To really trade successfully, you need to be able to identify good trading strategies. This can only be done by having a good understanding of the different indicators that can guide you. Here are some examples of trading indicators and strategies that are available to traders today.
Average – The average is the four-letter word in trading. It can be easily found by looking at trends in the stock price. The best part about averages is that they have no special characteristics to go with them. In fact, when trading with averages, the trader is basically able to get a glimpse of what the price will do before it happens.
Stochastic- Stochastic is an indicator used to monitor stock prices. It is essentially the average difference between two consecutive times. However, there are three types of stochastic and the type used is based on the trading method being used.
Stochastic is best when used as a trading strategy because it is easy to understand and does not require much analysis. To use stochastic effectively, one must keep a close eye on the market price and can often be difficult to analyze.
Bollinger Bands- This is a time frame that spans from a period of time known as the "long term price action." For this type of strategy, the trader will want to use this indicator along with other indicators to predict where the stock price may go and when.
One will need to watch for the "bust" as well as the "bulls." The "bust" is the times when the stock price falls below or above a certain level. The "bulls" are the times when the stock price gains or falls above a certain level.

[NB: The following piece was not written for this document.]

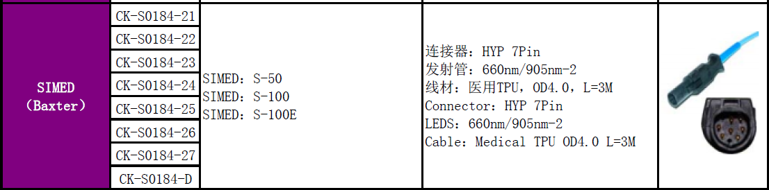 This is Simed Baxter 7 Pin Reusable SpO2 Sensor Neonate Silicone Y Type,3M Long, No Need Adapter Cable

Dual Time Frame, Multi-Mode Chart Indicator – This type of indicator is best for short-term time frames. This is because it is able to provide insight into a short-term price action without any interference. It is also able to provide information that is more relevant in longer time frames.
Black Swan – This is a reference to a certain event in the stock market which is unusual and unpredictable. However, it can provide a great deal of insights into the market.

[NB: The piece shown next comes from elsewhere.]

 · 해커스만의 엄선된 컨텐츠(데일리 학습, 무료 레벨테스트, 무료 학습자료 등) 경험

Like that there are different strategies that a trader can use to create a strong trend and with each strategy comes a different approach to the market. For example, the bullish trading strategy uses price action and the stochastic with a measure of trend lines.
Meanwhile, the bearish strategy is used with the indication of the price action as well as the stochastic and the black swan indicator. The other trading strategy is called the neutral trading strategy.

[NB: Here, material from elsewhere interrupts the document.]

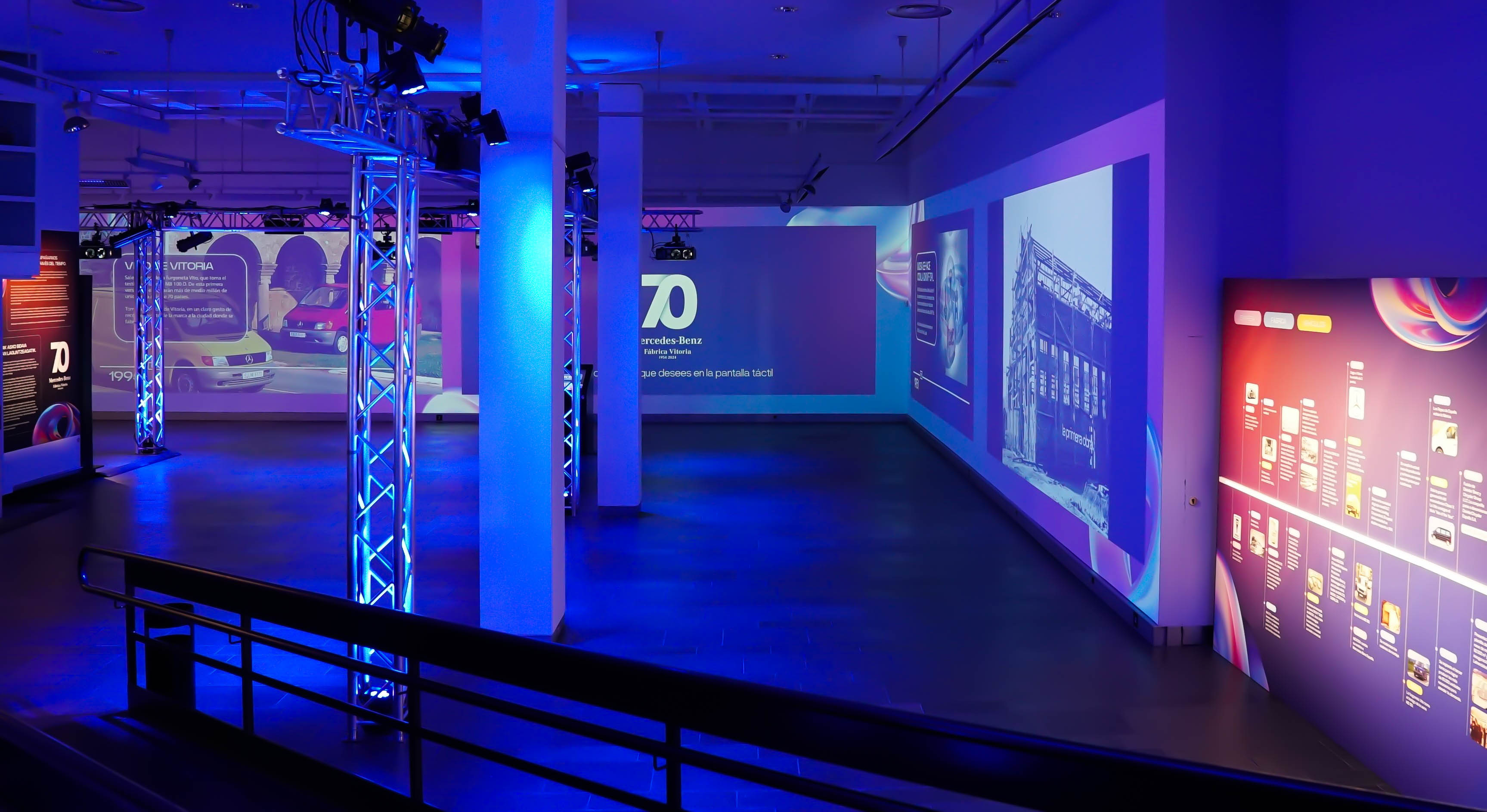 El recorrido comienza con una línea temporal que resalta los momentos clave de los 70 años de Mercedes-Benz Vitoria, seguida de un mural audiovisual que invita a los asistentes a explorar las primeras décadas de la planta. Esta sección captura el crecimiento inicial y la creciente popularidad de los vehículos producidos, ofreciendo una visión nostálgica de los comienzos de la fábrica.

When using different indicators for trading strategies, the strategy itself should be able to track and generate money. This is not as easy as it may sound, so it is important to consider the different strategies and how they perform for various traders.
Keep in mind that there are many strategies available, but all of them are based on market forces and no strategy can provide any type of information that cannot be tracked by price action. As long as the strategy is able to continue to move along with the market, it will continue to make money for the trader.